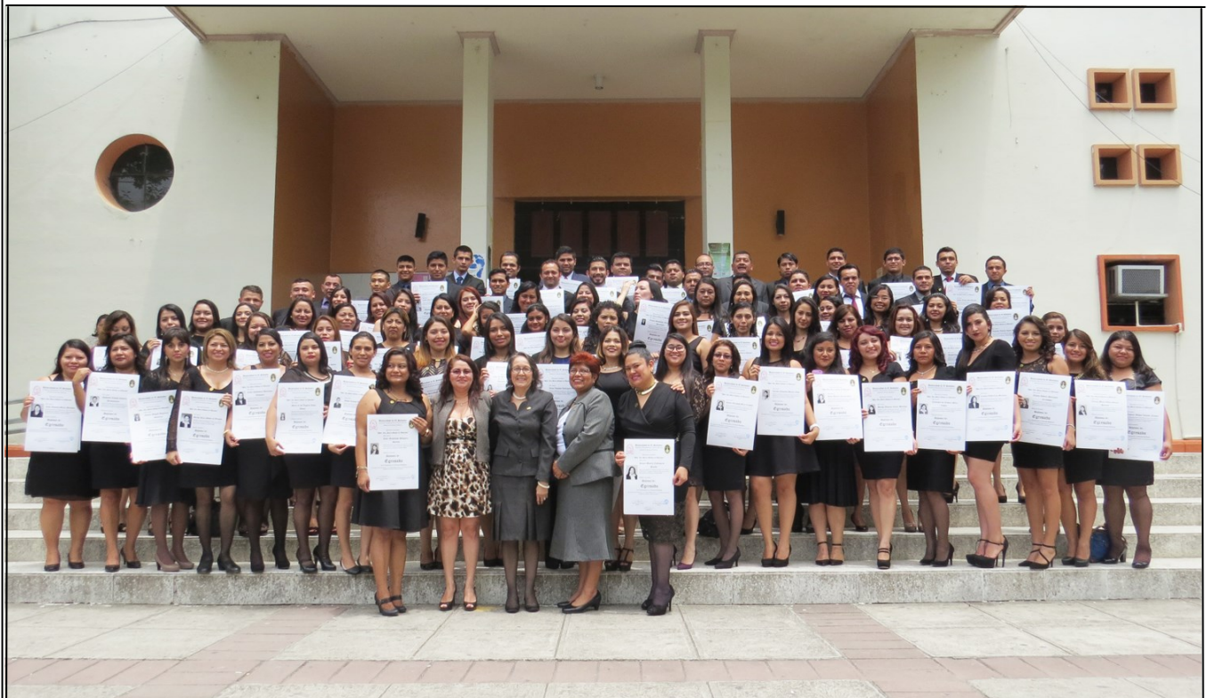
Egresados de Ciencias Jurídicas, junto a Autoridades de la Facultad, frente a la fachada del Edificio Histórico

E studiantes de la Facultad de Jurisprudencia y Ciencias Sociales realizaron recientemente el Acto de Egresados de la Licenciatura en Ciencias Jurídicas 2016, desarrollado en el Auditorio Herbert Anaya Sanabria, al cual fueron invitados autoridades de la Facultad y del país.
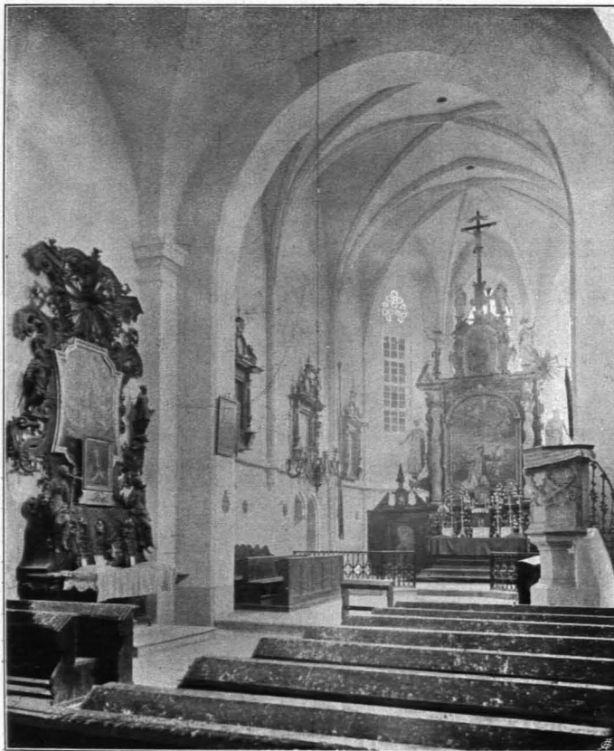
Fig. 421 Horn, Pfarrkirche, Inneres (S. 366)
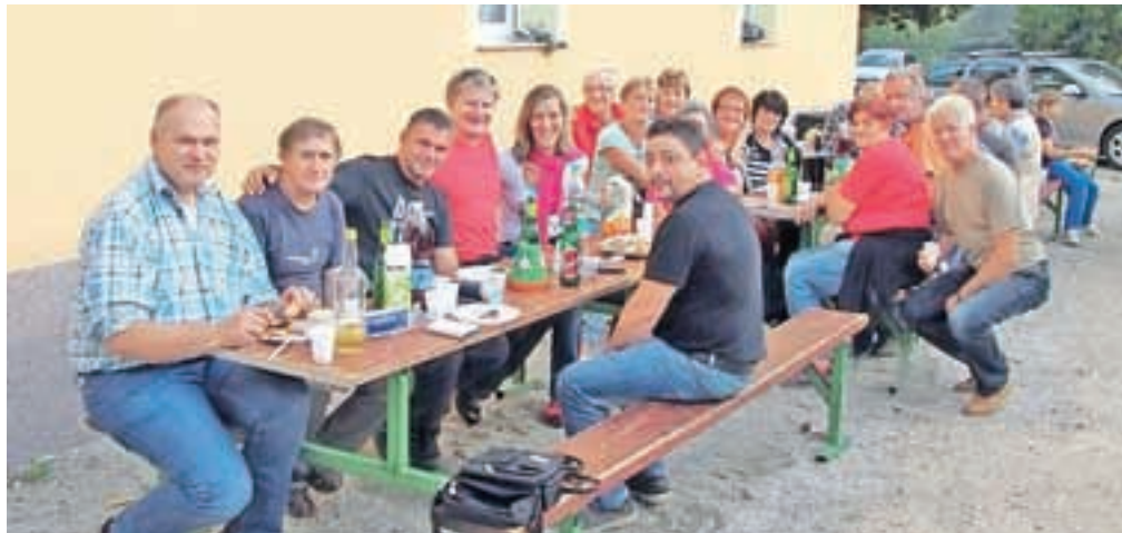
Ob zaključku prenove fasade so pripravili prijetno druženje.

V večstanovanjski stavbi Hrušica 70 je 22 stanovanjcev zagotovo lahko za vzor, kako premostiti včasih kar resne težave z ogrevanjem in urejenostjo bivalnega okolja. Leta 2012 so najprej pogumno izpeljali prvo zahtevnejšo investicijo. Med več možnostmi so se odločili za ogrevanje z zemeljskim plinom. Izvajalec jim je postavil najbolj sodobno kotlovnico, ki je bila prva takšna v občini Jesenice. Optimistična napoved s prihrankom
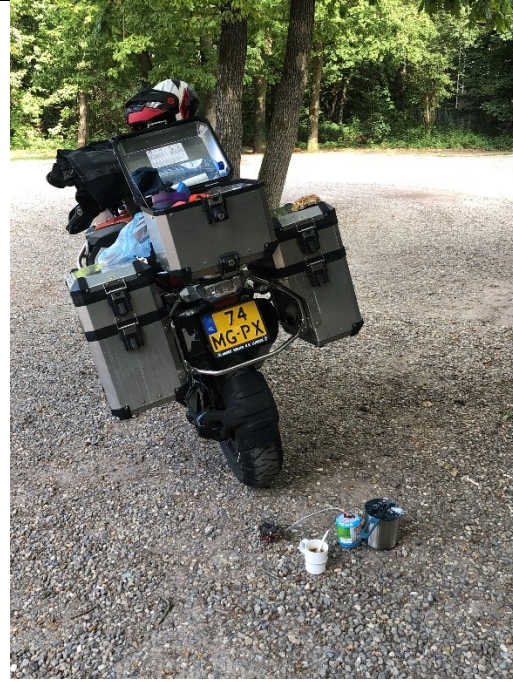
. . . van de Wilhelminatoren

Na de zoveelste koffie stop, met de zoveelste mueslibol, gaan we verder langs de grens tussen Limburg en Duitsland. We passeren een aantal indrukwekkende afgravingen waarbij ik heb nagelaten om te onderzoeken wat er is afgegraven, waarom, door wie en wanneer.
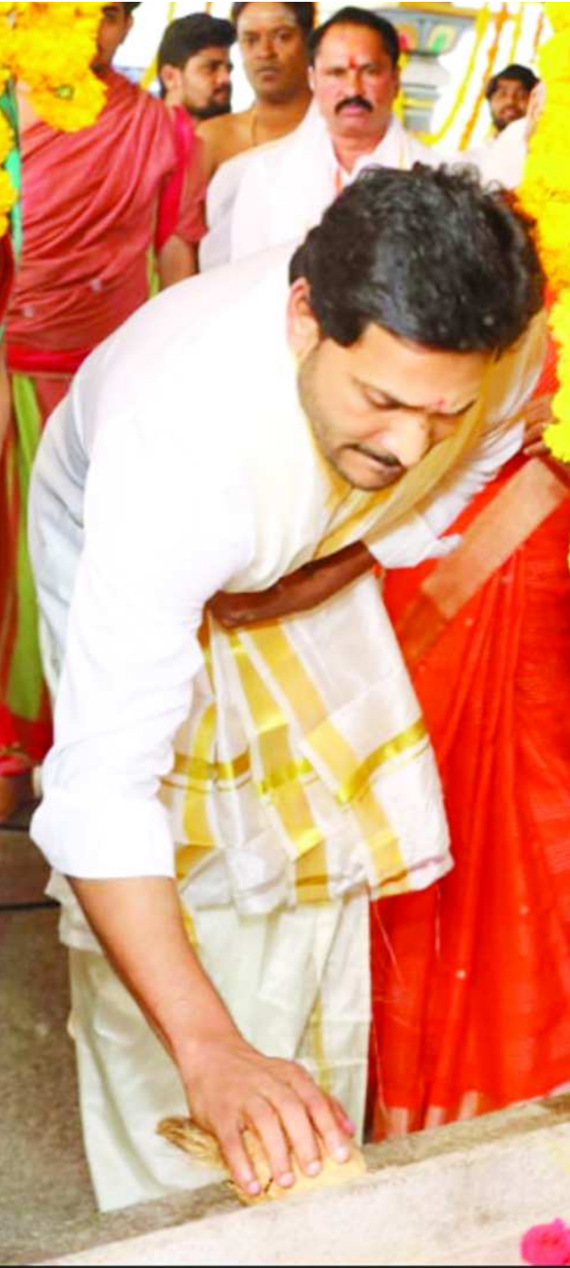
శ్రీనివాస చతుర్వేద హవనం పూర్ణాహతిలో పాల్గొన్న ఏపీ సీఎం వైఎస్ జగన్ మోహన్ రెడ్డి, టీటీడీ చైర్మన్ వైవీ సుబ్బారెడ్డి దంపతులు.

*EXERCISE:* The reply should hold every entry above, given again exactly, but not a single picture.

*ANSWER TO THE PROBLEM:*
Egresados de Ciencias Jurídicas, junto a Autoridades de la Facultad, frente a la fachada del Edificio Histórico

E studiantes de la Facultad de Jurisprudencia y Ciencias Sociales realizaron recientemente el Acto de Egresados de la Licenciatura en Ciencias Jurídicas 2016, desarrollado en el Auditorio Herbert Anaya Sanabria, al cual fueron invitados autoridades de la Facultad y del país.
Fig. 421 Horn, Pfarrkirche, Inneres (S. 366)
Ob zaključku prenove fasade so pripravili prijetno druženje.

V večstanovanjski stavbi Hrušica 70 je 22 stanovanjcev zagotovo lahko za vzor, kako premostiti včasih kar resne težave z ogrevanjem in urejenostjo bivalnega okolja. Leta 2012 so najprej pogumno izpeljali prvo zahtevnejšo investicijo. Med več možnostmi so se odločili za ogrevanje z zemeljskim plinom. Izvajalec jim je postavil najbolj sodobno kotlovnico, ki je bila prva takšna v občini Jesenice. Optimistična napoved s prihrankom
. . . van de Wilhelminatoren

Na de zoveelste koffie stop, met de zoveelste mueslibol, gaan we verder langs de grens tussen Limburg en Duitsland. We passeren een aantal indrukwekkende afgravingen waarbij ik heb nagelaten om te onderzoeken wat er is afgegraven, waarom, door wie en wanneer.
శ్రీనివాస చతుర్వేద హవనం పూర్ణాహతిలో పాల్గొన్న ఏపీ సీఎం వైఎస్ జగన్ మోహన్ రెడ్డి, టీటీడీ చైర్మన్ వైవీ సుబ్బారెడ్డి దంపతులు.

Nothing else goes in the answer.